2) I can't shop at places that require a membership (like Costco), as if I can't afford to eat, I can't afford a club membership.
3) I can't avail myself of any free food/drink at work, as if I can't afford to eat, it's unlikely I'd be working, especially at a job where free food is available.
4) I can't eat anything currently in the house. I have to start from scratch and only use the $7.50 for the 5 days.
5) If I eat or drink anything I didn't buy with my limited funds, I fail.

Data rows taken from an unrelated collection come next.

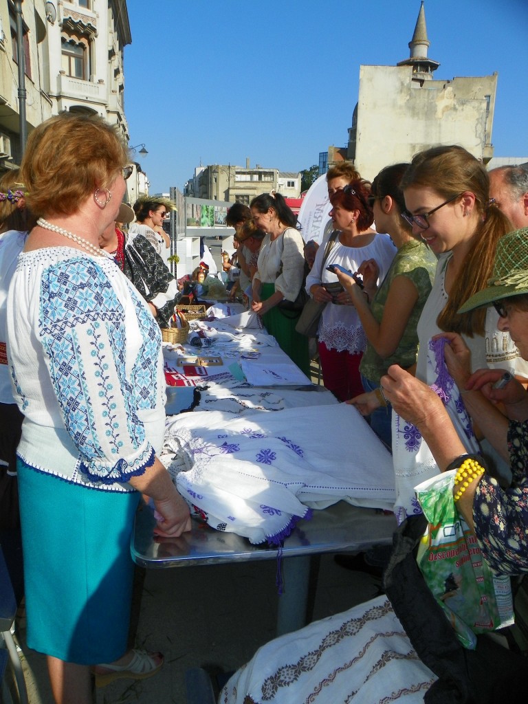 Îmbrăcate în cămăși românești brodate, fetele de la șezătoare și atelier le-au arătat celor prezenți cum se lucrează o ie și ce reprezintă motivele cusute pe pânză. În mod special, unul din punctele de interese l-a constituit  prezentarea iei dobrogenăe, cu motivele sale specifice.
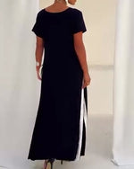 SPECIFIKATIONER Stil: Afslappet Materiale: Bomuldsblanding Kjoletype: Shift-kjole Kjolelængde: Maxi Halsudskæring: Rund hals Mønstertype: Ensfarvet Ærmetype: Almindeligt ærme Ærmelængde: Halve ærmer Detaljer: Flænge Pasform: Almindelig Sæson/årstid: Forår,Sommer Lejlighed: Daglig Pakken inkluderer: 1 x Kjole STØRRELSESTABEL (cm) Størrel...
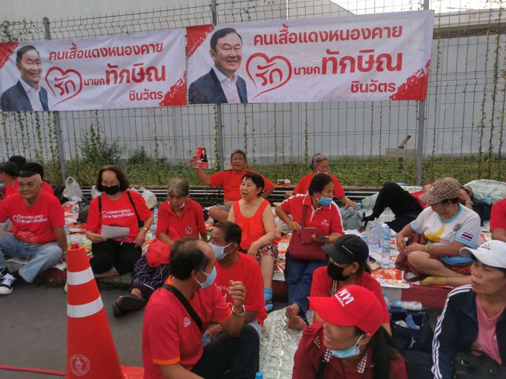 ขณะบรรยากาศที่สนามบินดอนเมือง ได้มีมวลชนเสื้อแดงจากหลายจังหวัดทั่วประเทศ เดินทางมารอคอยนายทักษิก เดินทางกลับไทยในรอบ 17 ปี โดยยืนรอคอยตั้งแต่ ปั๊ม ปตท. ริมถนน เรื่อยมาจนถึง หน้าอาคาร MJets ที่คาดว่า เป็นอาคารจอดเครื่องบินส่วนบุคคลที่คาดว่าเครื่องบินที่นำนายทักษิณ จะเดินทางมาลง ซึ่งจุดที่มวลชนรอคอยสองข้างทาง มีระยะทางยาวประมาณ 300 เมตร

Honestly, I'm a bit nervous. I'm even a little bit afraid. I am certain I'm going to be hungry and that scares me. But I figure that's also a big part of the reason for the challenge... to let us see how it feels. And let's face it, I still won't really know, will I? Because I know that when I wake up on Saturday morning, starving, I can hoof it down to my favorite bagel shop and get a big bacon, egg, and cheese bagel and tea. And I know that if the hunger pangs are too much in the middle of the night, there is food in the cupboard that I can eat. So I won't really know.
I am expecting that it will affect my perspective. We'll see. And I'm going to blog about it each day, starting with Sunday, to tell you what I wound up buying. So check in if you'd like to know how it's going.
I'll warn you now that I might be cranky. Hangry, even. I apologize in advance for any snark or unpleasantness.